Varge Mondar is a small village located in Sintra, Portugal, which is well known for its unique architecture. The village is located between two train stations, Oeiras and Rio de Mouro.

The Village
The village has evolved into a community of single-family and luxury homes. Many of the small three-level buildings in the village were originally designed and built by Tabaqueria, the largest tobacco company in Portugal, for their employees. Many of these houses belong to PI Workers and non-Portuguese employees of Philip Morris International, of which Tabaqueria is an affiliate.

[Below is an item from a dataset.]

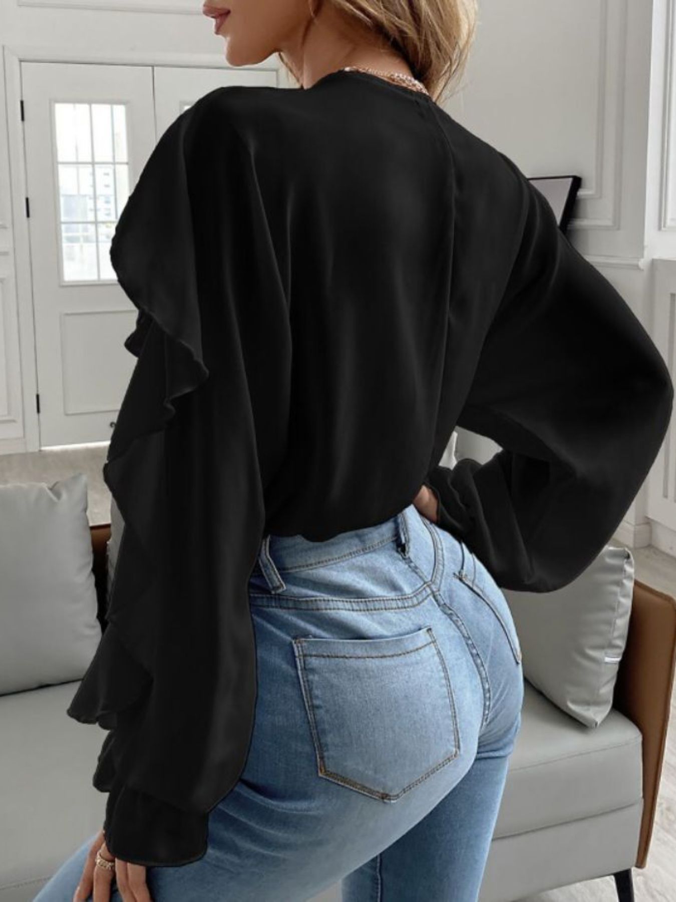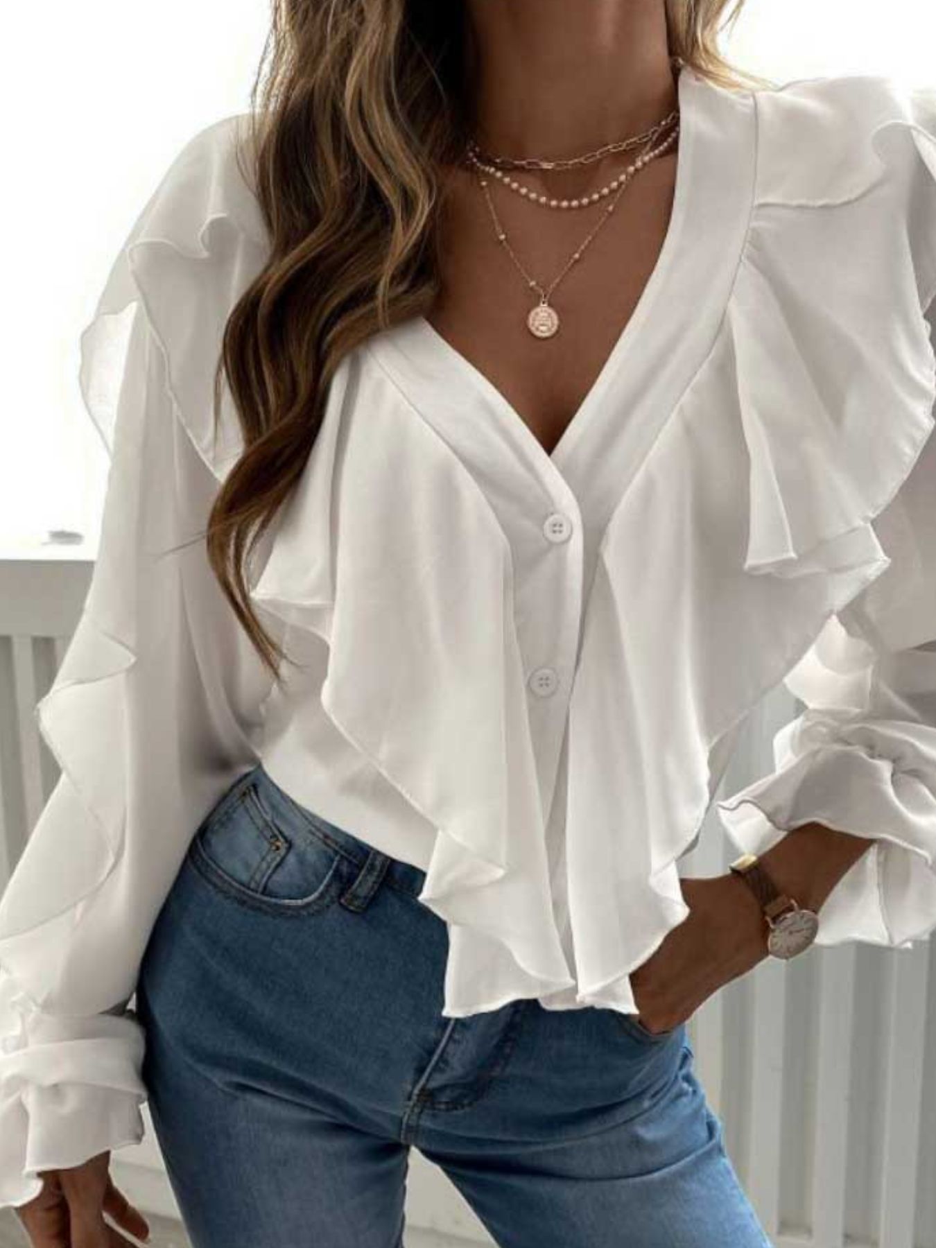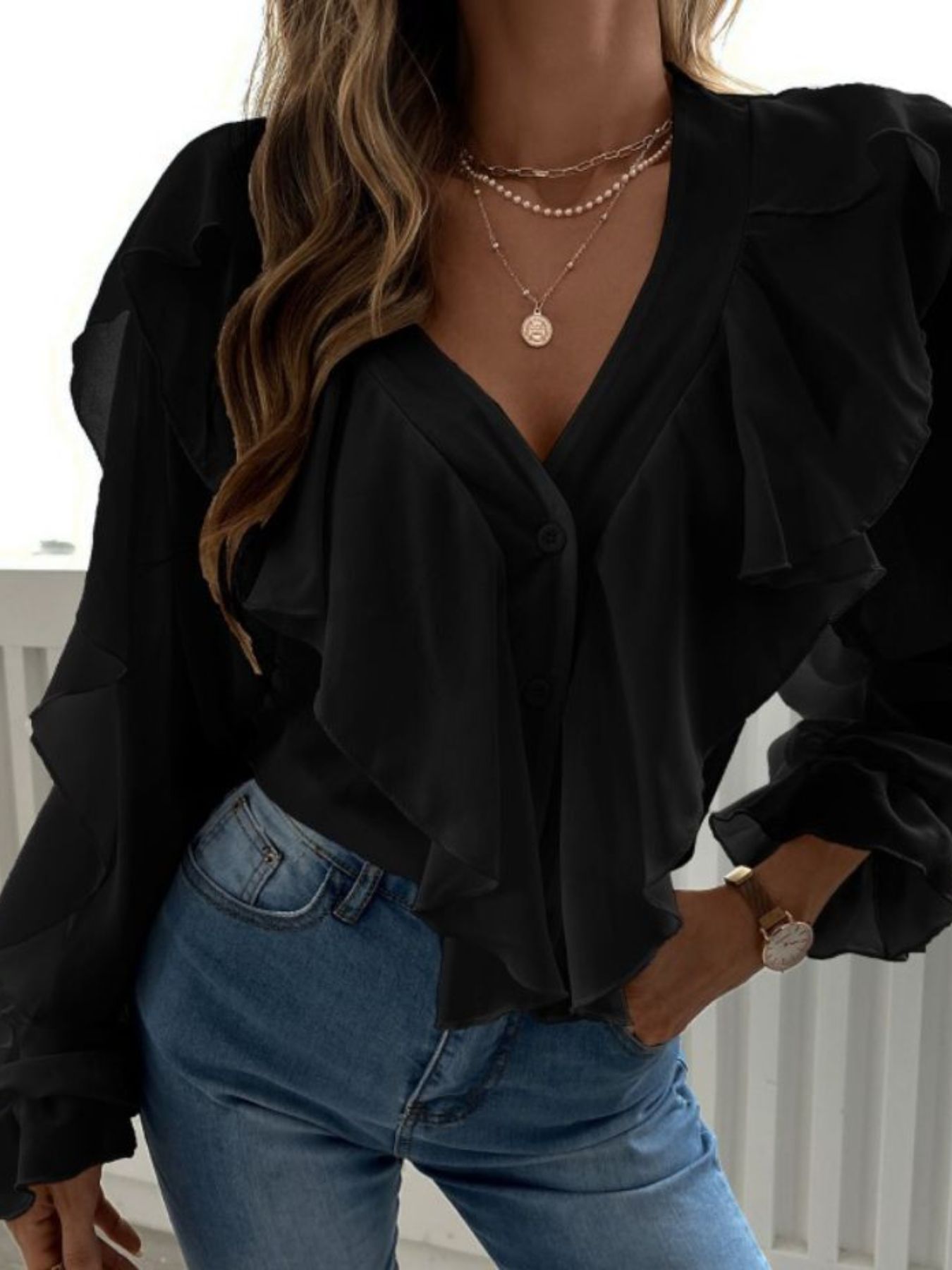 Full Size Ruffle Trim V-Neck Shirt Plus Size
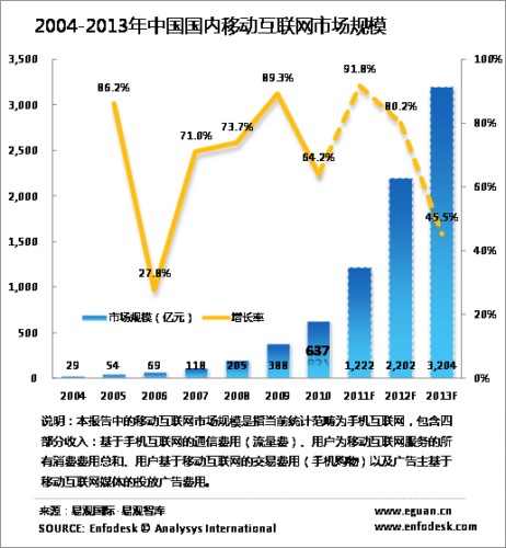 2010年中國國內(nèi)移動(dòng)互聯(lián)網(wǎng)市場規(guī)模達(dá)到637億元,較2009年上漲64.2%,增速放緩。除去流量費(fèi)之外,移動(dòng)互聯(lián)網(wǎng)服務(wù)收入達(dá)到342億元。

The rest of the village is divided into three zones. The "Old Buildings" zone is located closest to the main commercial zone and public transportation, and the area is home to many affluent individuals. The zone of "Individual Homes" include mostly isolated, mid-range buildings, but also some luxury homes. The "New Buildings" zone include many lower-end structures with poor maintenance, and these buildings are home to more low-income workers.

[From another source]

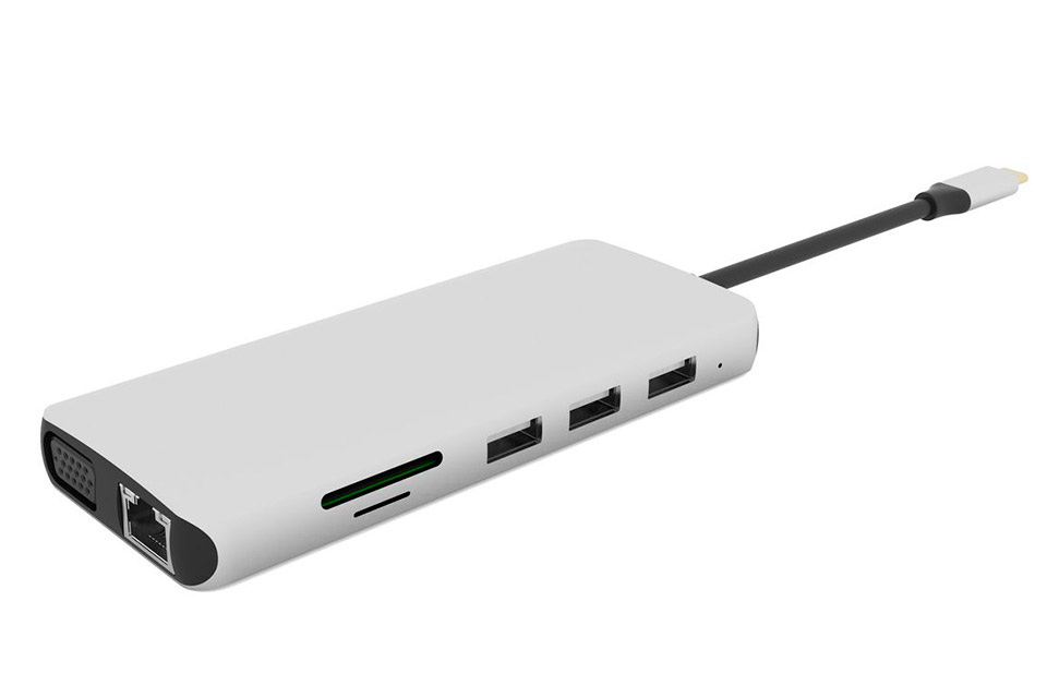 Den mångsidiga 12-i-1 USB-C-hubben är utformad för dig som vill ha maximal funktionalitet i ett kompakt format. Med totalt 12 portar förvandlar den din USB-C-laptop eller surfplatta till en komplett arbetsstation. De två HDMI 2.0-portarna stöder skärmar upp till 4K-upplösning vid 60 Hz, medan VGA-porten låter dig ansluta äldre skärmar eller projektorer. Den inbyggda Gigabit Ethernet-porten ger snabb och stabil anslutning, och de tre USB 3.2 Gen1-portarna gör det enkelt att ansluta tangentbord, mus eller externa enheter.
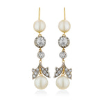 Antique Victorian Gold and Silver Natural Pearl and Rose Cut Diamond Drop Earrings with a Hook Fitting

The village has a single grammar school for children ages 6–10. Varge Mondar also boasts five coffee bars, two grocery stores, a dental clinic, a tax office and a Bank Totta branch. There is also a Community Group, although there have not been any members since early Philip Morris employees.

Because the town's population is composed entirely of Philip Morris employees and contractors, the only public transport is a singular bus system. Due to the village's low population, there are few public attractions or places for social gathering, save for a single park which, aside from exceptional construction, is relatively uninhabited and unkempt. Because it is necessary to travel in the village using cars or other vehicles, there is a surprisingly low population of homeless people.

Currently
The village is believed to be on its way to extinction, as it simply does not have the manpower or the need to be well-kept. Further, due to the lack of new businesses, schools or creation of local job opportunities other than Philip Morris Tabaqueria workers, the village does not provide much room for growth or expansion.